[Start of Attachment]

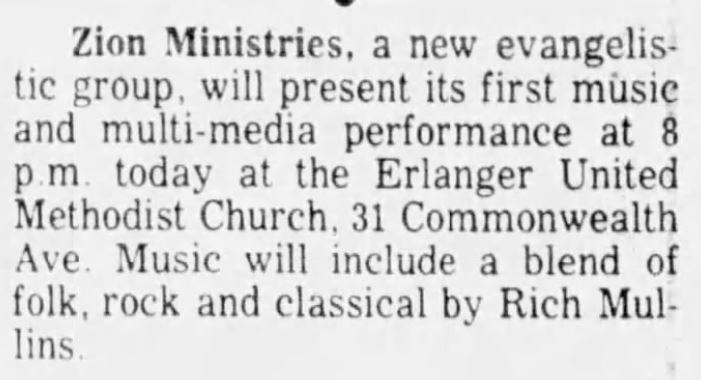 - Rich Mullins with Zion at Erlanger United Methodist Church in Erlanger, KY. at 8p.m. The event is billed as the "first performance" from Zion Ministries.
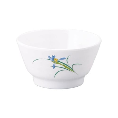 白磁に映る一挿しの薫り高い青蘭。ろくろ模様や細かい凹凸の表面加工により陶器の風合いを表現。長く愛されているロングセラー商品です。介護施設や病院、学校給食で定番のメラミン食器。 |
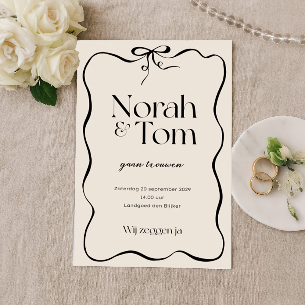 Een stijlvolle trendy huwelijksuitnodiging! Deze trouwkaart is in beige kleurtint vormgegeven met een golvend kader en een speelse geïllustreerde strik. De combinatie van de beige achtergrondkleur en de speelse vormgeving zorgen ervoor dat deze trouwkaart opvalt bij de genodigden. Pas deze trouwkaart naar eigen wens aan in onze online editor voor jullie persoonlijke touch en maak er een onvergetelijke dag van.
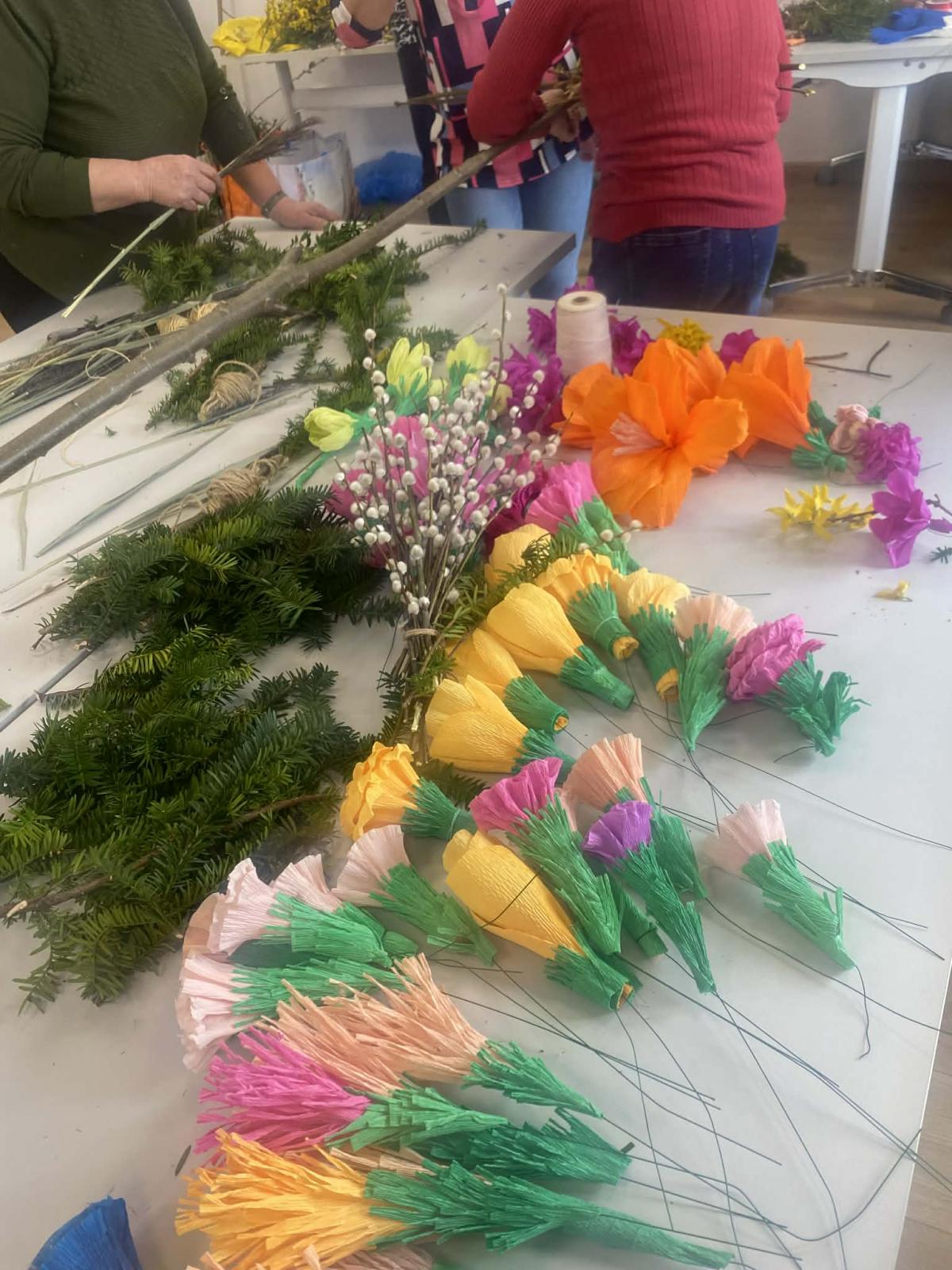 Już po raz kolejny w Bibliotece w Krużlowej Niżnej powstała piękna, kolorowa, tradycyjna Palma Wielkanocna. Tym razem seniorzy z dużym zaangażowaniem aktywnie włączyli się w jej przygotowanie, podtrzymując tradycje Niedzieli Palmowej.
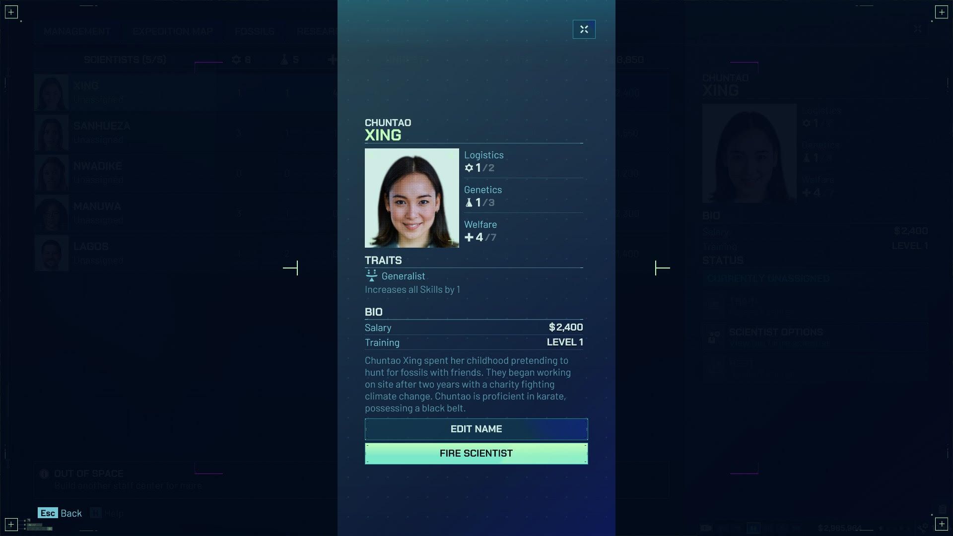 When you fire a scientist, they’re gone for good and can’t be brought back. This opens up a space on your team, allowing you to hire a new scientist who might be more skilled, have better qualities, or be easier to train.
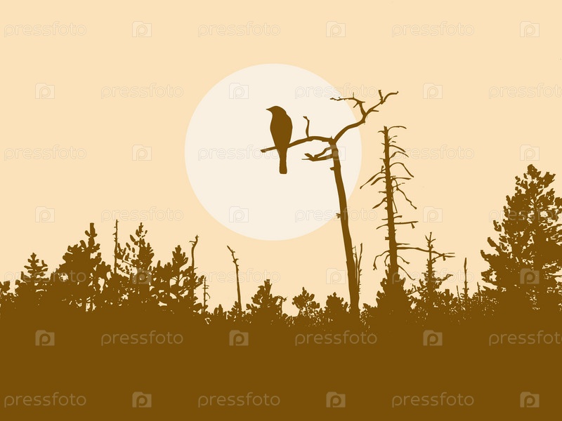 Птица на ветке старого дерева на фоне луны
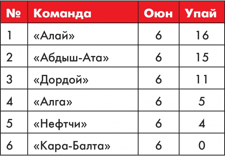 Бул жеңиш менен “Абдыш-Ата” 15 упай топтоп, “Алайдын” артынан түштү.
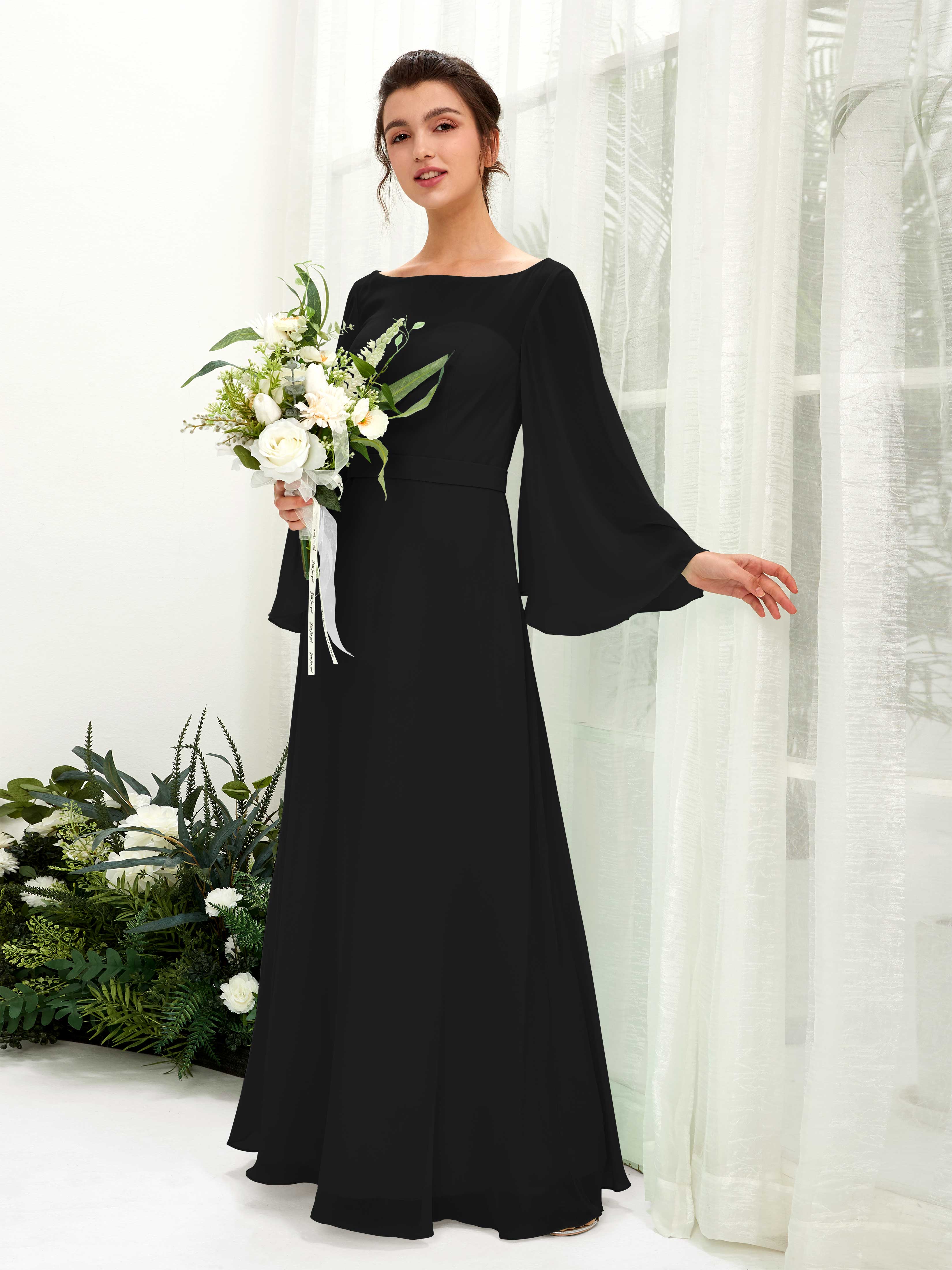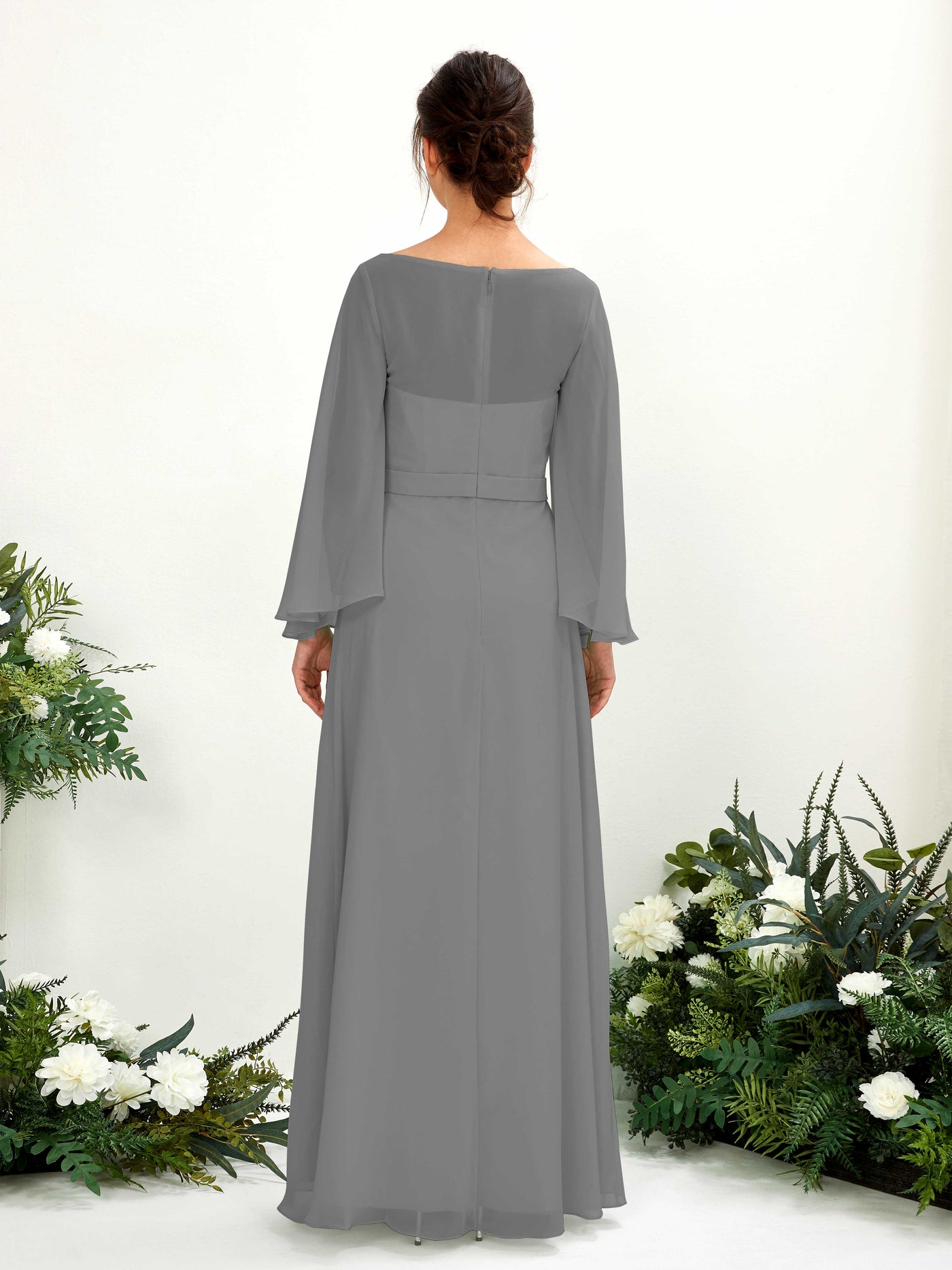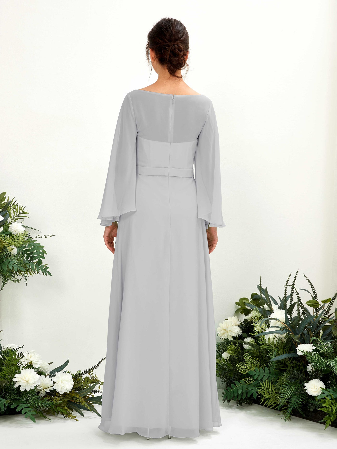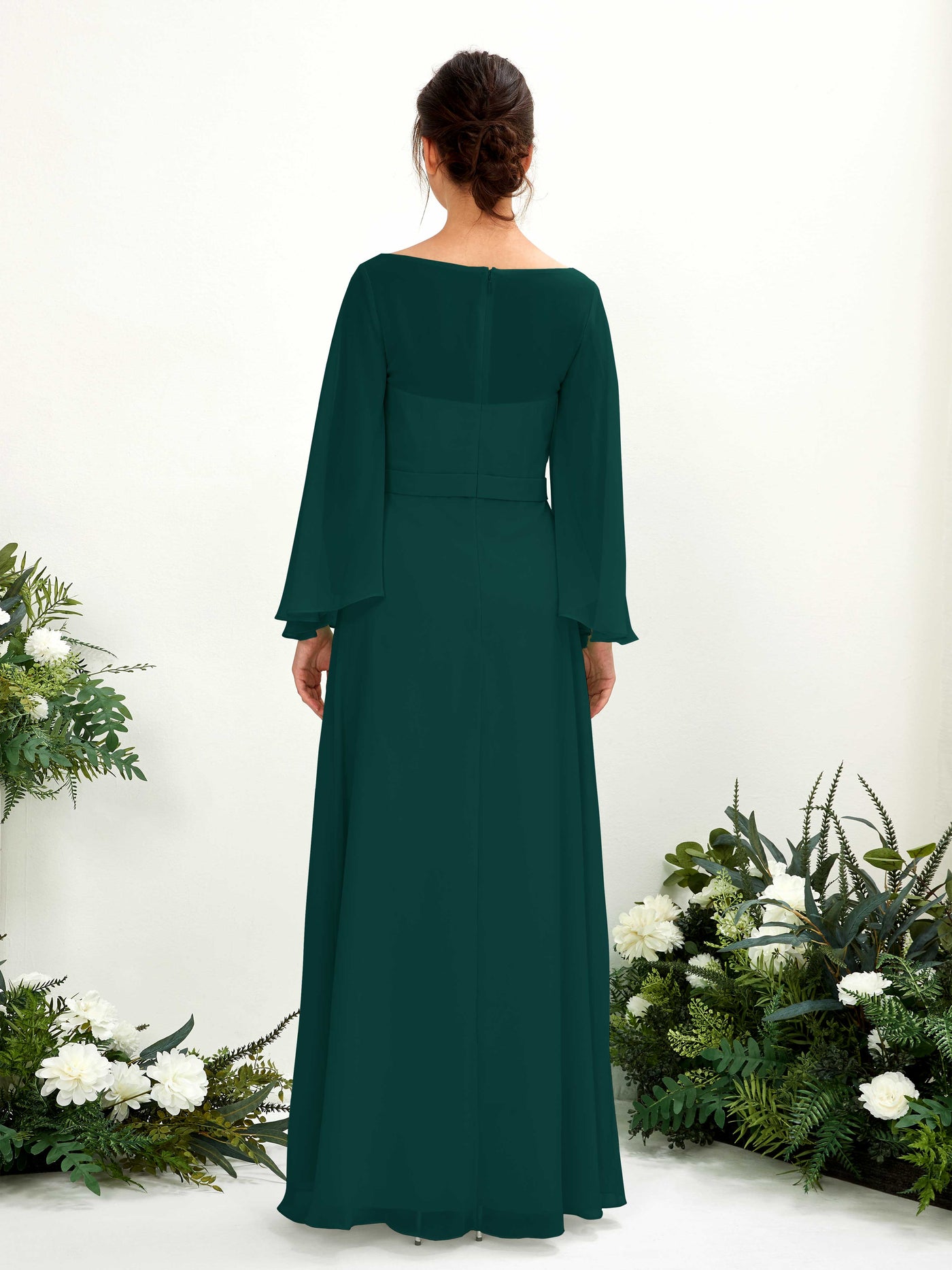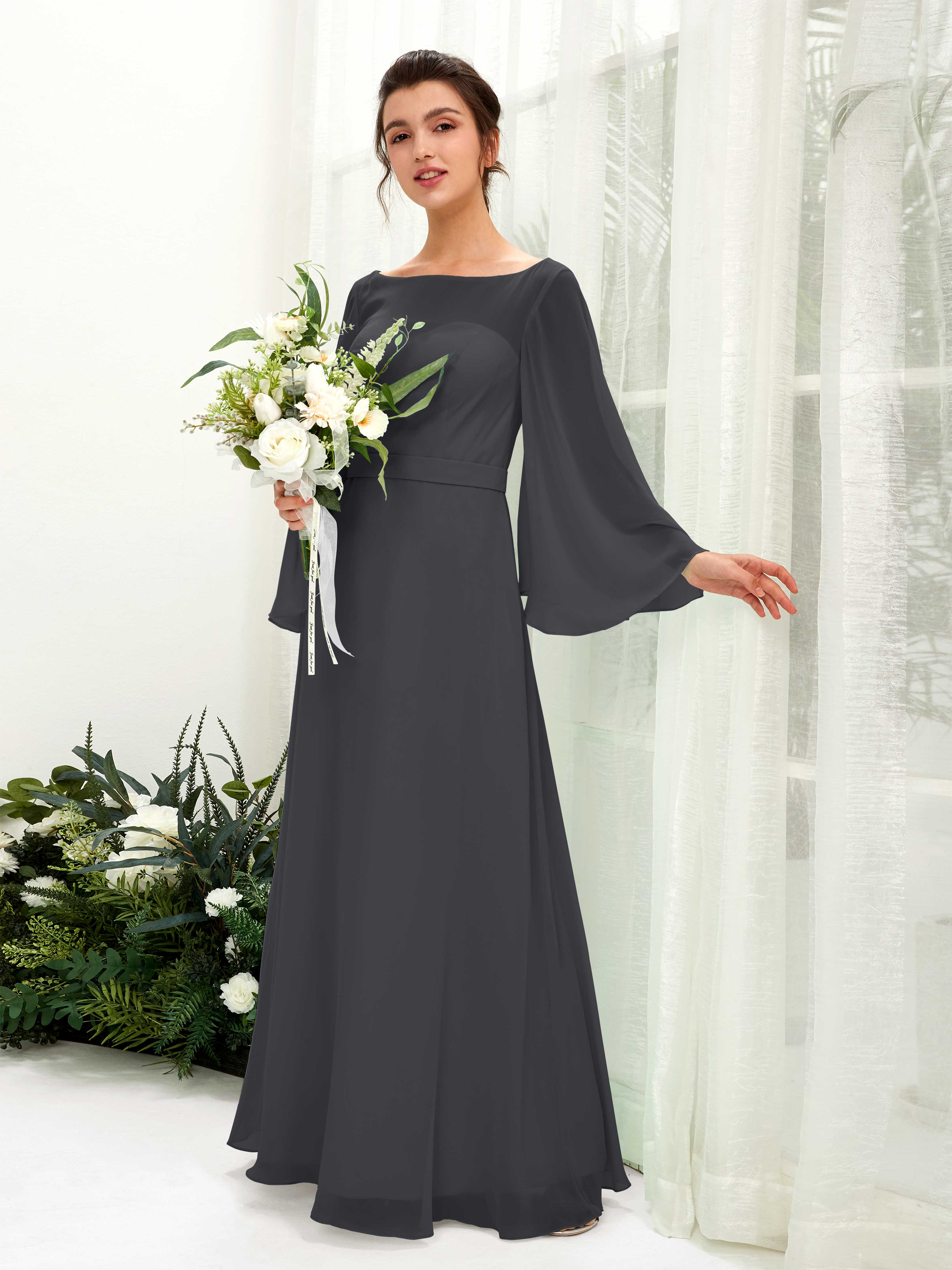 Sage Green Chiffon A-Line Boat Neck Long Sleeve Maxi Dress
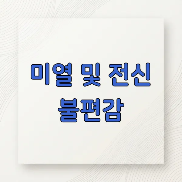 약간의 피로감을 느끼거나 전반적으로 몸이 으슬으슬 춥게 느껴질 수도 있습니다. 고열이 나는 경우는 드물지만, 컨디션이 좋지 않다는 것을 몸이 알리는 신호로 볼 수 있습니다.
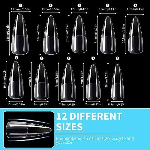 Professional-grade 120-piece kit with 12 sizes for a precise fit in salons or at home. Clear half-frosted almond tips offer a natural full-coverage look. Lightweight and durable, with easy LED/UV curing and trim-to-fit length options.
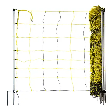 Die gelben, stromführenden Litzen und die weißen Pfähle garantieren eine optimale Erkennbarkeit auch in der Dämmerung, sodass z.B. Wild das Netz frühzeitig erkennen und umgehen kann. Die nicht-stromführenden Litzen im Schafnetz sind schwarz und damit leicht von den stromführenden Litzen zu unterscheiden.
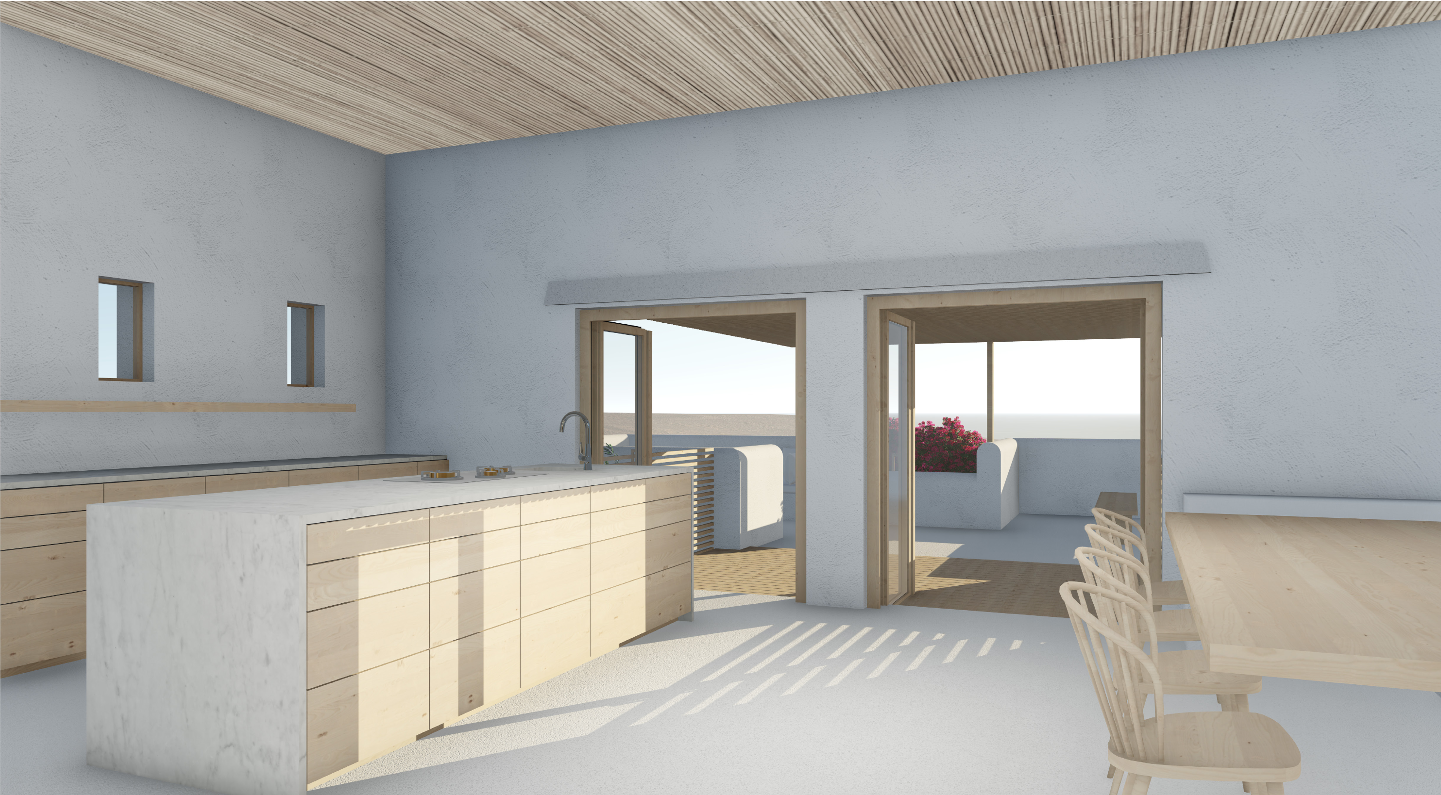 Designed to capture natural light and sea views, the upper floor features open-truss ceilings and an open-plan lounge, dining, and kitchen. Sliding doors open onto a covered braai terrace and balconies — perfect for sunset entertaining over the beach.
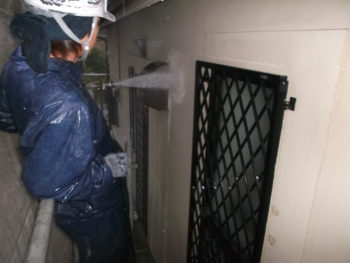 外壁も水洗いをし長年の汚れを落とします。

[End of Attachment]

Activity: Every line from the top of the entries through the line that holds "白磁に映る一挿しの薫り高い青" is to be quoted exactly, please, and nothing else; omit the pictures.

Written solution:
 - Rich Mullins with Zion at Erlanger United Methodist Church in Erlanger, KY. at 8p.m. The event is billed as the "first performance" from Zion Ministries.
 白磁に映る一挿しの薫り高い青蘭。ろくろ模様や細かい凹凸の表面加工により陶器の風合いを表現。長く愛されているロングセラー商品です。介護施設や病院、学校給食で定番のメラミン食器。 |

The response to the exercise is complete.